Graphic artist Vaimaila Urale teamed up with tattoo artist Chris Amosa to create an awesome live tattoo exhibition!
Samoa has a long history of traditional tattooing and graphic artist Vaimaila Urale used this as inspiration in her latest project that was featured at the Whau Arts Festival in Auckland. Seeking to bring traditional Samoan tattooing into a more contemporary setting Urale used a computer keyboard to create Polynesian inspired designs that were tattooed onto a number of volunteers. In creating her designs Urale used only the v, or greater than (>), the less than symbols, (<) and the forward (/) and backslash () on the keyboard.
"In Samoan, the 'v' symbol is called 'fa'avae tuli', it's based on a bird footprint of the tuli bird, so the footprint that it leaves in the sand. The forward and backslash lines in Samoan the name for it is, 'tusi lili'i', which are basically just translates to small lines"
Urale chose the tattooing and a keyboard as her mediums as they reflect both her Samoan heritage and western orientated upbringing. The designs created were displayed on a 58-meter wall but to create the unique tattoos Urale collaborated with tattoo artist Chris Amosa.
Owner and tattoo artist at Cain Tattoo Studio Amosa took to the Whau Arts Festival where he tattooed Urale's designs on 10 people in a live tattoo exhibition. A number of the volunteers getting tattooed were actually getting tattooed for the first time, thankfully they were in safe hands!

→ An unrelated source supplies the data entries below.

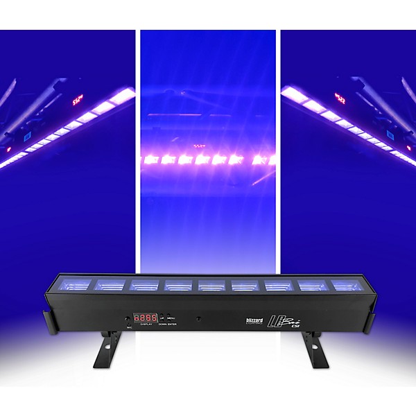 LB Bar CSI is a linear UV wash fixture from Blizzard. The LB Bar CSI boasts nine bright 3W ultraviolet LEDs. It’s perfect for clubs, DJs, or any indoor application. The Blizzard LB Bar CSI black light has a 4-button LED control panel which is very user friendly. The panel allows control of 0-100% UV output level, 0-20Hz strobe, standard dimming plus 4 selectable 32-bit dimming curves It’s totally silent due to its passive cooling design. The Blizzard LB Bar CSI black light is equipped with locking end alignment clips. These allow seamless multi-fixture light output with no color breaks. The LB Bar CSI is light weight, solidly built, and also offers dual mounting brackets with locking knobs, IEC power in/out, and 3-pin DMX input/output connections.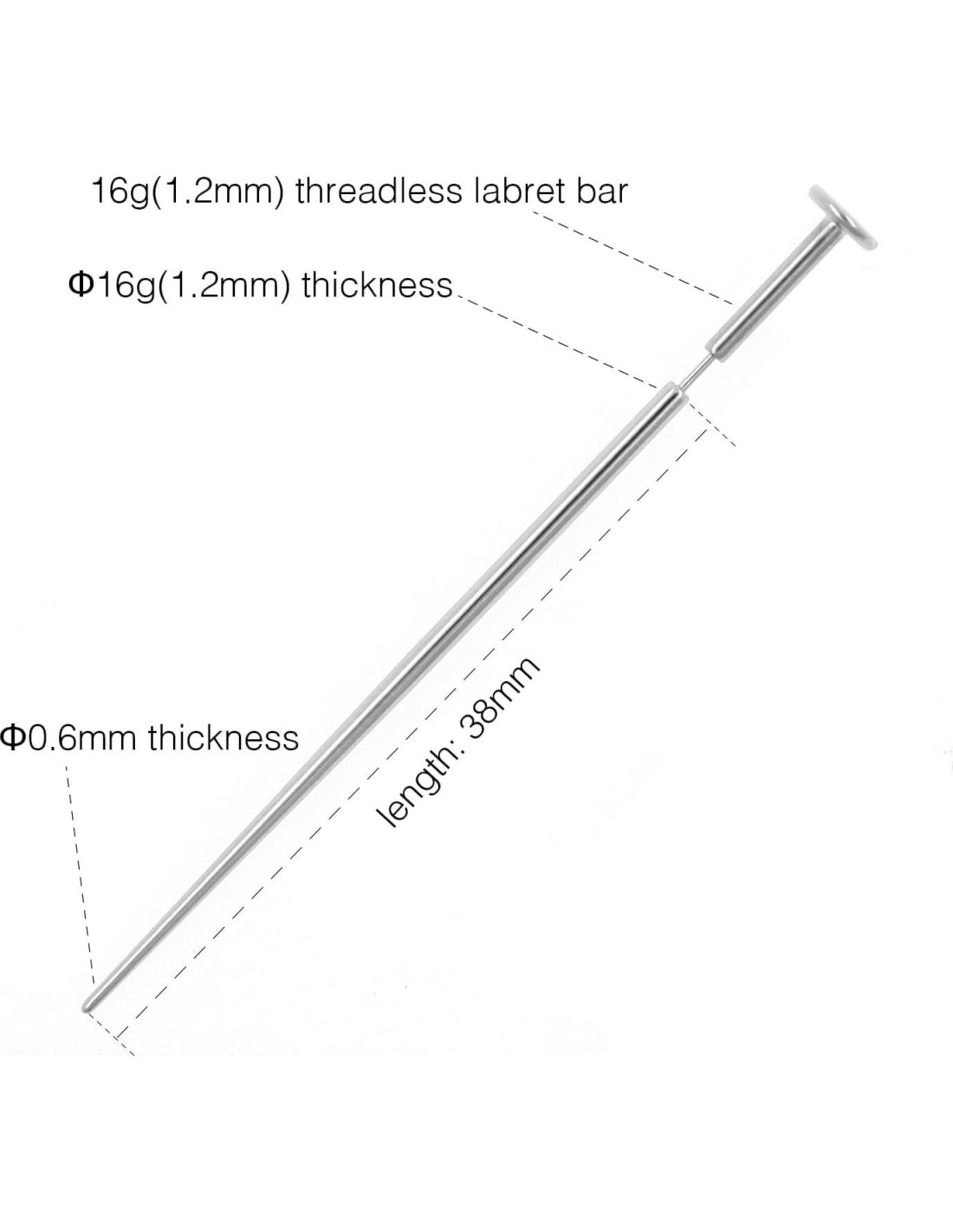 - Vendido como 2 PCS: un taper es 14ga(1.6mm) de grosor, otro es 16ga(1.2mm), Longitud: 38mm (aprox 1.5 pulgadas). Un pin delgado en el extremo (sin rosca/sin agujero). Material: titanio grado implante 6AL4VELI ASTM F-136, el titanio tiene una excelente biocompatibilidad y pesa la mitad que el acero quirúrgico.
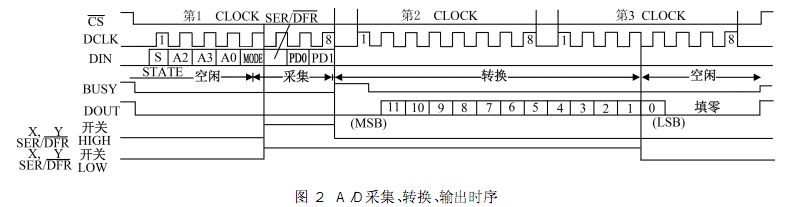 如圖 1ADS7843串行接口的一次完整操作需要 3× 8=24個 DCL K時鐘周期前 8個脈沖接收 8位的命令并在第 6個脈沖的上升沿開始 A / D轉換器進入采樣階段從第 9個脈沖開始進入轉換階段輸出12位采樣值轉換結束進入空閑階段直到 24DCL K結束CS置高電平一次測量結束如圖 2所示此外ADS7843還支持其他的工作方式這里不再詳述

Interestingly this isn't Urale's first live-tattoo project, she ran a similar one at the San Francisco's SOMArts Cultural Centre in 2013. Clearly an artist with a great understanding on traditional tattooing Urale certainly created an awesome and unique art project that combined traditional Polynesian art with contemporary technology. Live tattoo exhibits are great and this collaboration proves it once more!!